1. Have an Interesting Snippet to Share : Click Here
    Dismiss Notice

The bus-book equation...

Discussion in 'Snippets of Life (Non-Fiction)' started by bhagyachinu, Jun 30, 2011.

  1. bhagyachinu

    bhagyachinu Gold IL'ite

    Messages:
    144
    Likes Received:
    562
    Trophy Points:
    173
    Gender:
    Female
    "My wife used to play the piano," a friend told Mulla Nasrudin, "But since the children came, she has not had time to touch it."
    "Children sometimes are a comfort, are they not?" said Nasrudin.

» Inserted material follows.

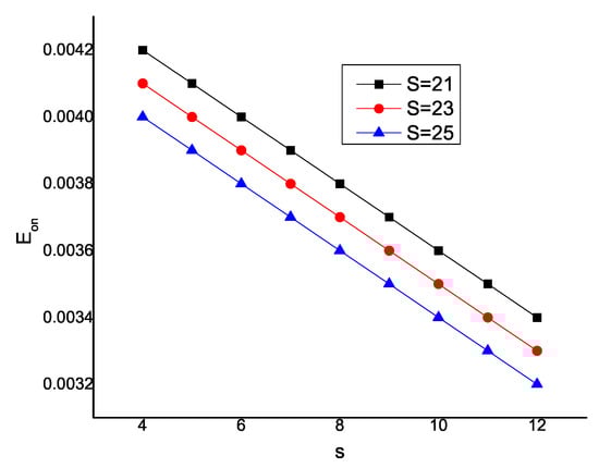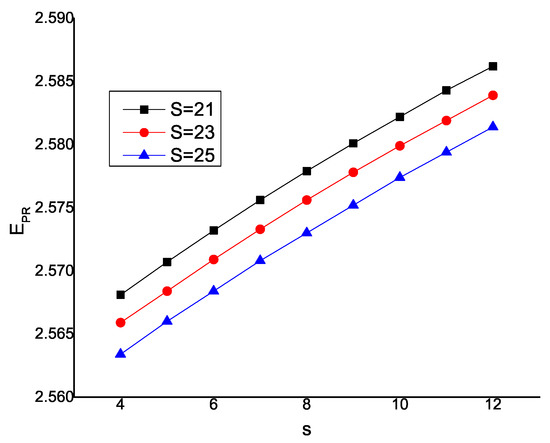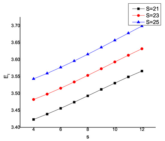 Table 7 provides the expected number of busy servers (see Figure 6) with respect to s and S and the expected emergency replenishment values (see Figure 7). For fixed s and varying (increasing) S, and , respectively, increase/decrease, which is a consequence of the greater availability of inventoried items.
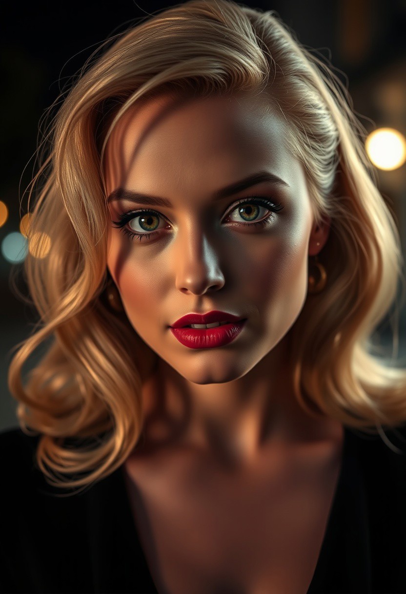 full body, 1 blonde Woman, 30 years old, beautiful, blonde hair, 40s style hairstyle, medium length hair, iluminacion artistica, no sombras, FACE: mujer rubia.ojos son grandes y expresivos, pestanas largas y oscuras que enmarcan un iris de color miel. Cejas finas y arqueadas . Su nariz es recta y delicada, y sus labios son carnosos y de un tono rosado natural. Un lunar sutil se encuentra cerca de su labio superior, anadiendo un toque de singularidad a su rostro. Su piel es de un tono melocoton suave, con un ligero rubor en las mejillas que sugiere calidez y vitalidad.. mirada sensual BACKGROUND:escena nocturna , , 1948,dormitorio antiguo ricamente adornado , tapices vivos colores y figuras. luminosidad artistica y ambiente intimo, mujer tumbada el estomago , en una cama antigua, , desnuda con perfectas mamas de tamano medio naturales, vientre perfecto, pubis afeitado, piernas esbeltas y estilizada estiradas, culo redondo perfecto calidad fotografica y artistica realistica, calidad fotografica realistica y artistica, , full body , vista lateral y superior, mirando a la camara

    Books are such a comfort, are they not? I rather choose not to have too many people in my life (cannot avoid events though). One of the best ways to avoid people is to immerse yourself in a book. I have been successfully practicing it for, say, since I remember. I used to carry a book with me wherever I go, I used to read while waiting for a bus, while walking anywhere (I know you will say it’s dangerous, but I’ve survived doing it nearly two and a half decades), while eating, oh well, wherever I can be on auto pilot. Even the scrap newspaper in which the grocer packs the provision didn’t go without a thorough reading (I used to enjoy it, not knowing what was the beginning or end of that piece) :D.

    Doing that has given me some of the most hilarious moments in my life.

    This happened when I was eating, drinking and sleeping Wodehouse. I completed a book I was carrying as I got inside the bus in the morning on my way to office. Since I did not have another book I was sitting and reliving the book. When I remembered an especially hilarious situation in the book, I could not control myself I started laughing. There was a woman sitting next to me. (I was actually giggling for quite some time, trying to control my laughter before laughing out rightly). She was staring at me as if I have escaped from Kilpauk (mental asylum). The look she gave was so funny, I had another fit of laughter. You should have seen her face – it reflected fear, doubt, anxiety. She immediately got up and went and sat on another seat and kept giving me furtive looks, which was highly amusing to me. That evening I told my father about it and both of us were roaring with laughter. If anyone wanted to establish their insanity, I would recommend heavy dose of PG Wodehouse. (by the way, why should one think another insane when he/she laughs but try to console a stranger when s/he is crying?).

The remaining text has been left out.